Add static code analysis and including CI/CD check #14
Description
Introduction
Static code analysis allows programmers to check their code for bugs ahead of time. There are many ways to do it, but this one specifically understands code without running it, allowing for very fast and reliable checks.
Starting this issue requires an understanding of PHP syntax. Finishing this issue will give you basic understanding about Composer (PHP package manager) and GitHub Actions.
Task summary
Your goal is to implement static code analysis in the following repositories:
1. Install and configure PHPStan
Install PHPStan by using Composer, a PHP dependency manager.
Make sure the version for this dependency is set to automatically upgrade minor and patch versions, but not the major version.
If those terms seem new to you, check out Semantic Versioning.
To configure PHPStan, you use a specific JSON file. Please refer to the PHPStan documentation to learn more.
Your goal is to configure PHPStan in all repositories to the same settings. Please set it to the same settings as we used in another one of our open-source repositories open-runtimes/executor.
In rare scenarios, PHPStan can have issues seeing typings for PHP extensions such as Swoole or Redis. If this happens to you, you might need to mention their helpers in the scanDirectories of the PHPStan configuration.
2. Add command to run static code analysis
Set up Composer scripts called check. This command should run PHPStan on all directories including PHP files. We usually only store PHP code in directories src, app and tests, but make sure to double check it.
When running the PHPStan check, we strive for level 8 of strictness. We recommend you to start with low level of 1, and work your way up, inspecting new errors with each higher level.

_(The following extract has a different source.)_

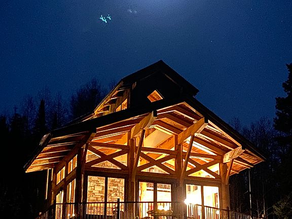 Inside, cathedral ceilings soar to 25+ feet, suspended on impossibly-large beams of locally-sourced, custom-milled timber. A standout feature is no metal in sight for the traditional joinery. It's truly impressive craftsmanship.

If you face issue you can't find a way to solve, please discuss with us and in rare scenarios we allow ignoring a line of code in code analysis.
If you ever get stuck, you can again refer to open-runtimes/executor, to see how it's been done there.
3. Add GitHub automation
Add GitHub action to run linter (composer check) on each push, so pull requests run linter as check.
Store the new GitHub action in the code-analysis.yml file.
Just like before, if you feel stuck, you can refer to Open Runtimes Executor to validate your approach.